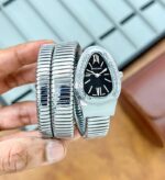 The Bvlgari Serpenti Tubogas is an exquisite piece that embodies elegance and sophistication. With its striking silver snake strap, it offers a unique design that wraps around your wrist, making a bold statement. The luminous black dial contrasts beautifully with the silver bezel, ensuring readability while adding a touch of allure.
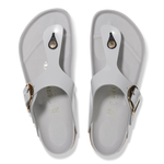 The BIRKENSTOCK Gizeh is a genuine classic that combines optimum grip with minimalist, fashionable design. The Big Buckle version features a large, elegant pin buckle. The semi-exquisite footbed is fully lined with soft piumato leather, making it exceptionally comfortable. The upper is made from high-quality natural leather with a shiny patent coating.
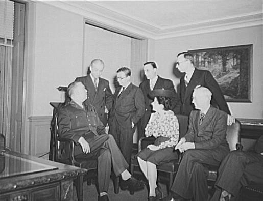 English: French journalists visit General George C. Marshall at his office in the Pentagon building. Left to right: (seated), General Marshall, Mme Etiennette Benichon, Louis Lombard, (standing) Francois Prieur, Jean-Paul Sartre, Stephane Pizella, and Pierre Denoyer
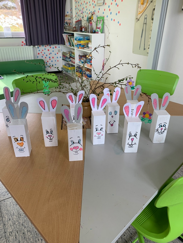 Es beginnt die Frühlingszeit und die Vorfreude auf die Osterferien, auf den Osterhasen und die damit verbundene Geschenke! Um die Wartezeit bis zu den Osterfeiertagen zu verschönern, haben wir uns in der Betreuung etwas für die Kinder der Grundschule einfallen lassen. Aus zurechtgeschnittenen Holzstücken bastelten die Kinder zusammen mit Betreuungskraft Frau Helwig bunte Osterhäschen. Sie verzierten die leeren Holzklötze mit lustigen Gesichtern und klebten anschließend die langen Hasenohren dran. Hierbei ließen die Kinder ihrer Kreativität freien Lauf und jedes Häschen wurde auf seine Art etwas Besonderes. Mit Gabeln und Acrylfarbe verwandelten die Kids leere DIN A4 Blätter zu einem süßen Häschen! Mit dieses und weiteren Bastelideen verschönerten wir uns die Vorfreude auf das bevorstehende Osterfest. Wir wünschen allen Kindern der Pestalozzi-Grundschule und ihren Familien eine wundervolle Osterzeit!
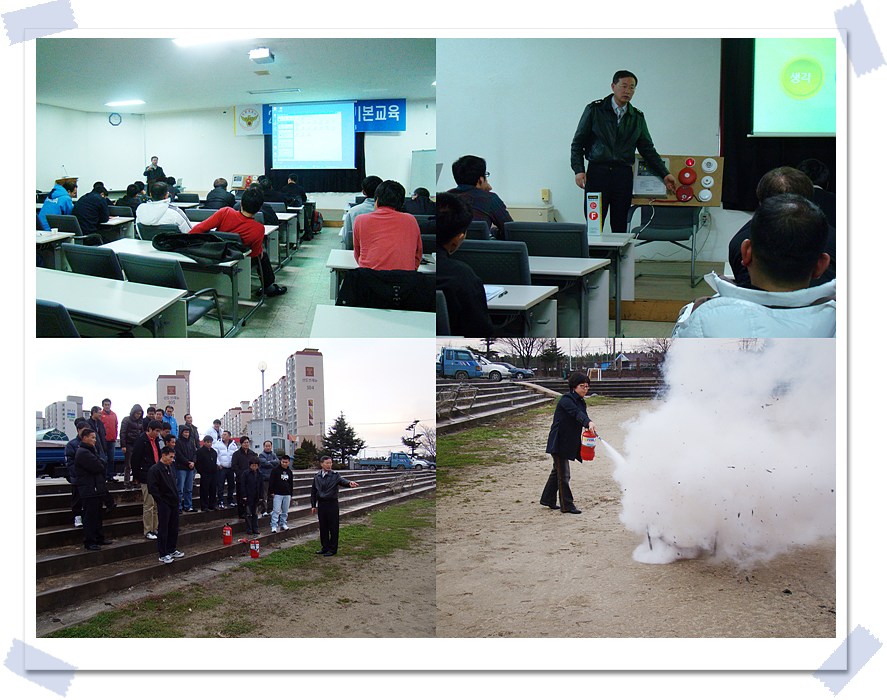 화재 발생시 행동요령, 자동화재탐지기 사용 방법, 소화기 사용법 등의 기본 이론교육을 실시하였고, 교육 내용 중에서 퀴즈를 내어 정답을 맞춘 분에게 차량용 소화기를 상품으로 전달하였다. 이론교육 후에는 실제 소화기를 직접 체험하는 시간도 가졌다.
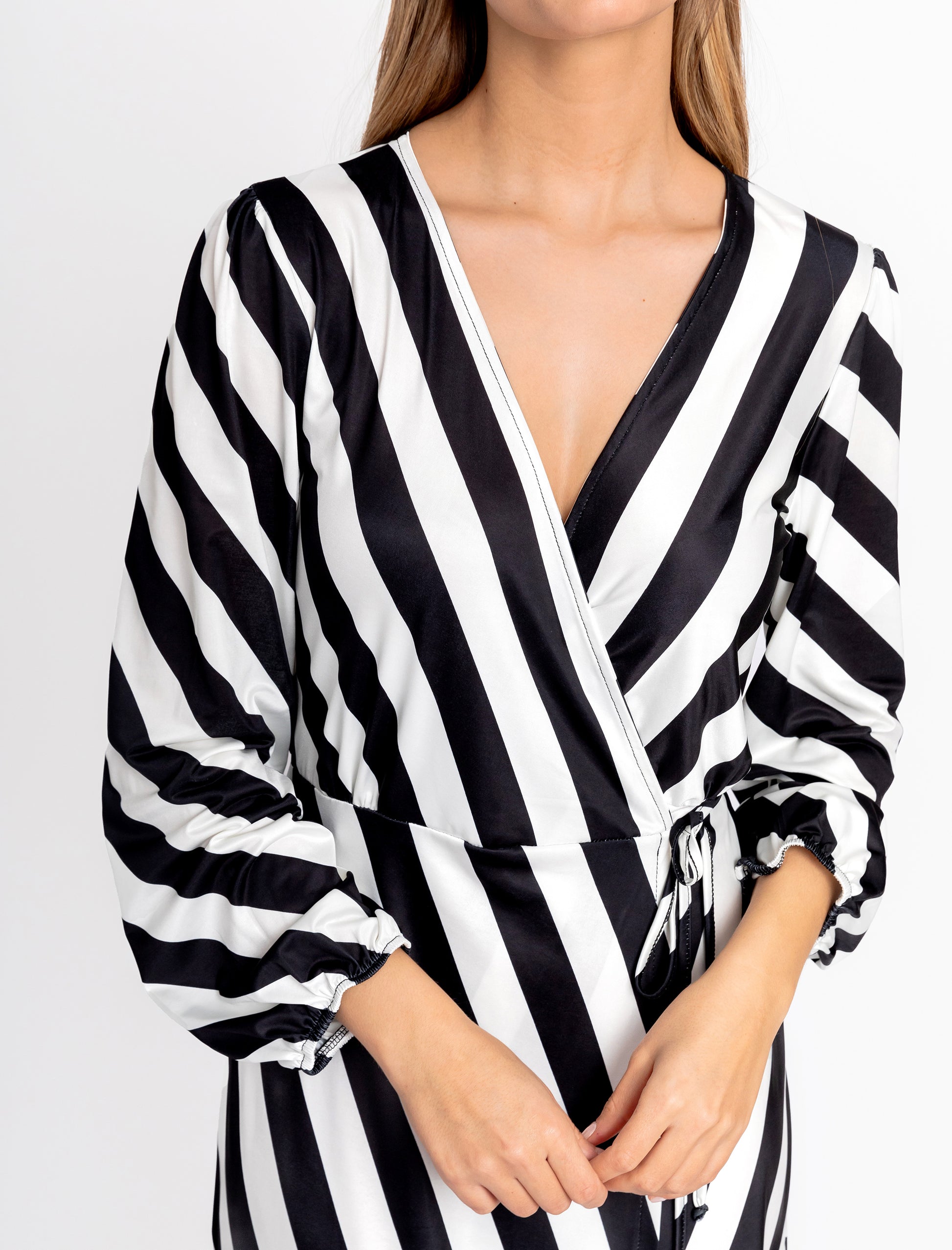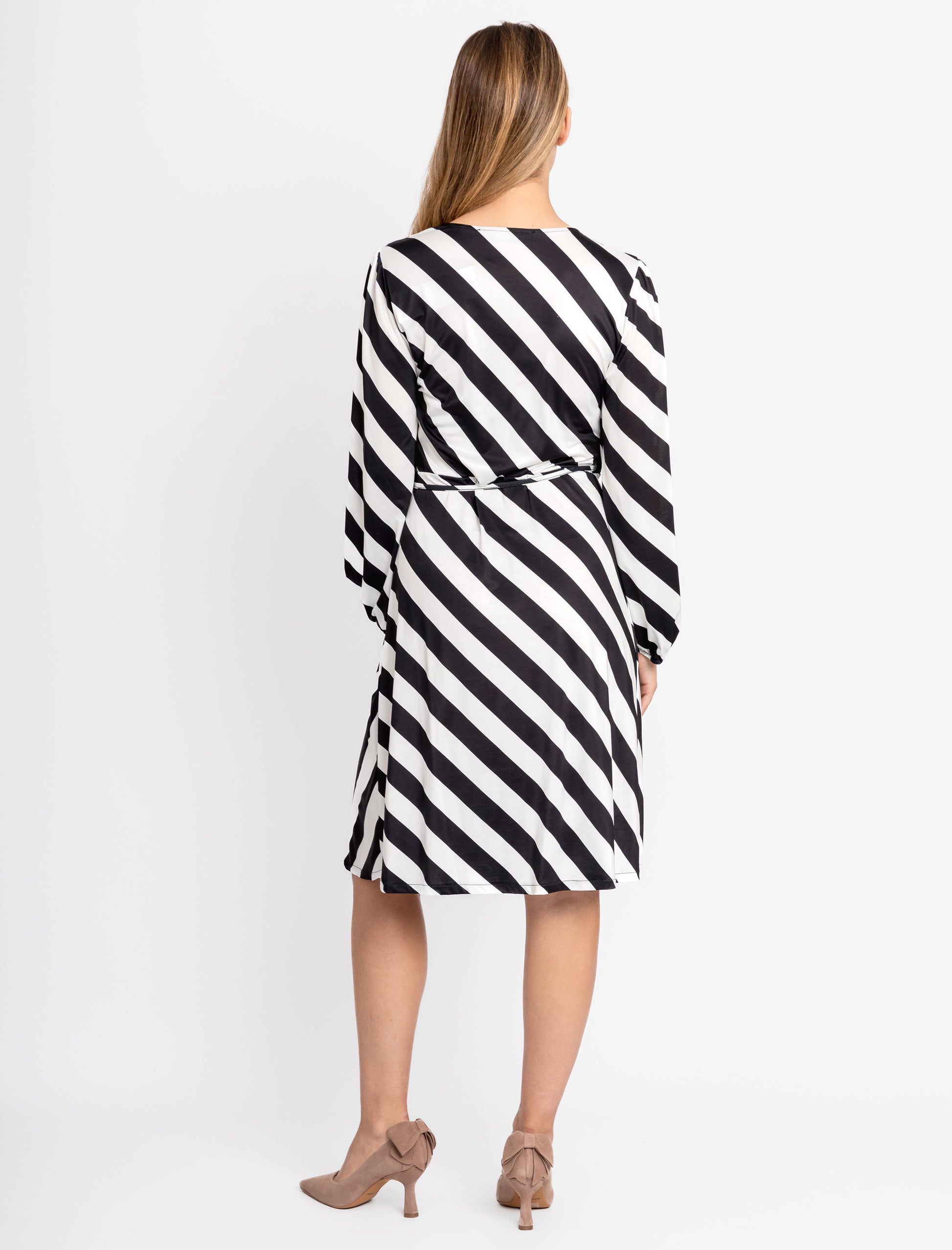 Vestido de punto cruzado en la linea de estampados Lines de la colección Made in Nuria, hecha en serie limitada por talleres artesanales.
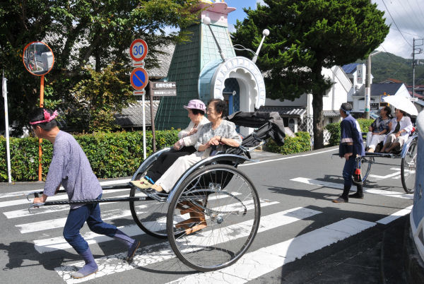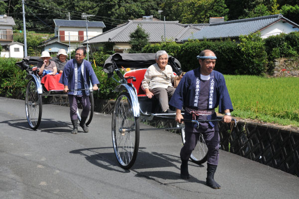 - 町内の各地区では、公民館などで敬老会が開催されました。人力車伊豆松崎組では、那賀地区の敬老会へ参加する方の中から希望者を自宅から敬老会会場まで人力車でお送りしました。
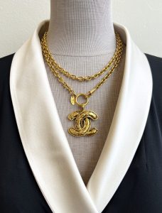 L~Chanel 1990’s silk wrap dress, size 4, $1,795. Chanel 1990’s long chain necklace (we’ve doubled it up), $1,795.
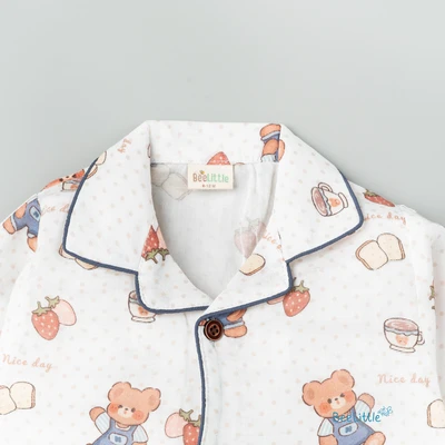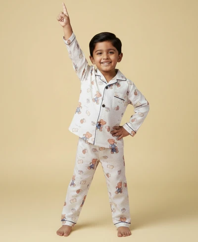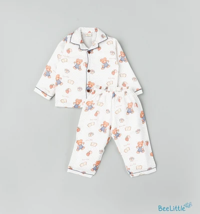 Our Pyjama sets offer comfort and style for your little one's restful night's sleep. Each set includes a short-sleeve button-up top with a classic collar and chest pocket, finished with contrasting piping. The matching pants feature an elastic waistband and piped cuffs. Made from soft, breathable fabric, they are gentle on baby's skin and are perfect for year-round wear.
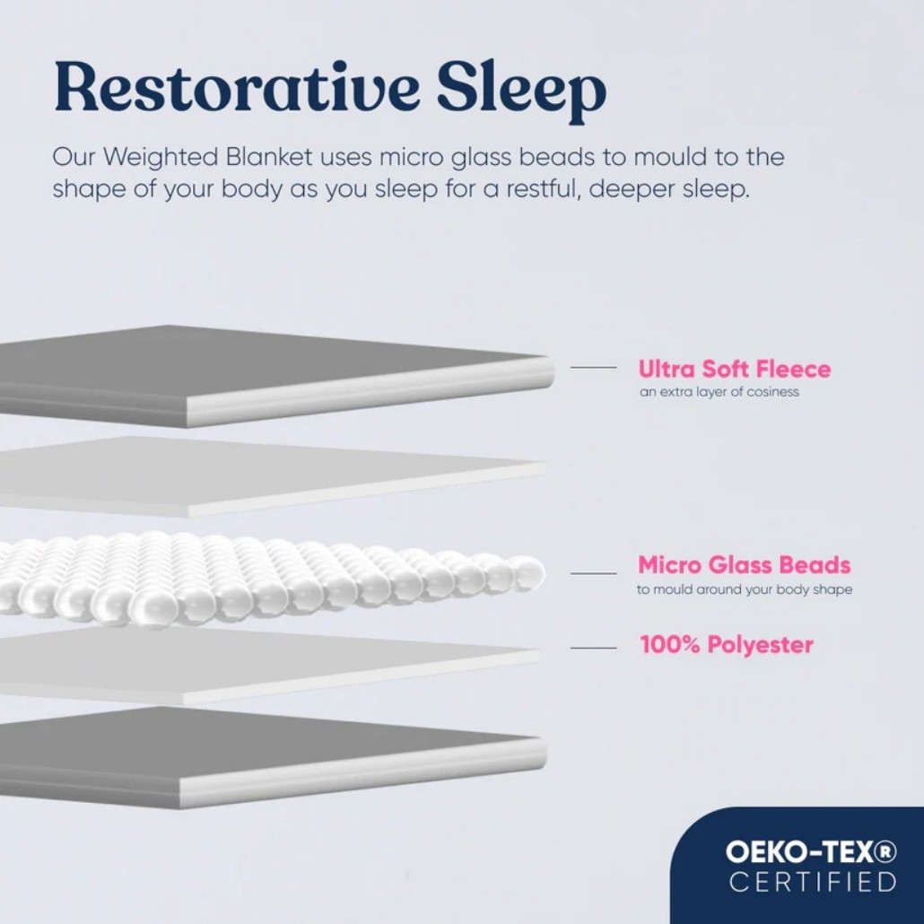 Experience a deeper, more restful sleep with our Weighted Blanket, designed to provide a sense of calm, comfort, and relaxation.
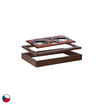 Neutrální modul v tmavé provedení s nástavcem pro 4 misky je kompletní řešení pro snídaňový bufet. Tato sestava obsahuje 1 základní rám (58 x 40,5 x 6,5 cm), doplněný o horní dřevěný rám určený pro GN 1/1, ostatní příslušenství: horní nástavec pro 4 misky, 2 x skleněná miska 12 cm, 2 x skleněná miska 20 cm. Dřevěný dekor v tmavém provedení jemně doladí každé prostředí, ať už jde o hotelovou snídaňovou zónu, firemní bufet nebo cateringové akce. Díky jednoduchému modulárnímu systému lze sestavu snadno přesouvat, kombinovat a přizpůsobovat konkrétním prostorům.

# Try it
What belongs in the answer is each line above from the line with "Vestido de punto" to the line with "Our Pyjama sets", inclusive, reproduced exactly and free of pictures.

# Task output
 Vestido de punto cruzado en la linea de estampados Lines de la colección Made in Nuria, hecha en serie limitada por talleres artesanales.
 - 町内の各地区では、公民館などで敬老会が開催されました。人力車伊豆松崎組では、那賀地区の敬老会へ参加する方の中から希望者を自宅から敬老会会場まで人力車でお送りしました。
 L~Chanel 1990’s silk wrap dress, size 4, $1,795. Chanel 1990’s long chain necklace (we’ve doubled it up), $1,795.
 Our Pyjama sets offer comfort and style for your little one's restful night's sleep. Each set includes a short-sleeve button-up top with a classic collar and chest pocket, finished with contrasting piping. The matching pants feature an elastic waistband and piped cuffs. Made from soft, breathable fabric, they are gentle on baby's skin and are perfect for year-round wear.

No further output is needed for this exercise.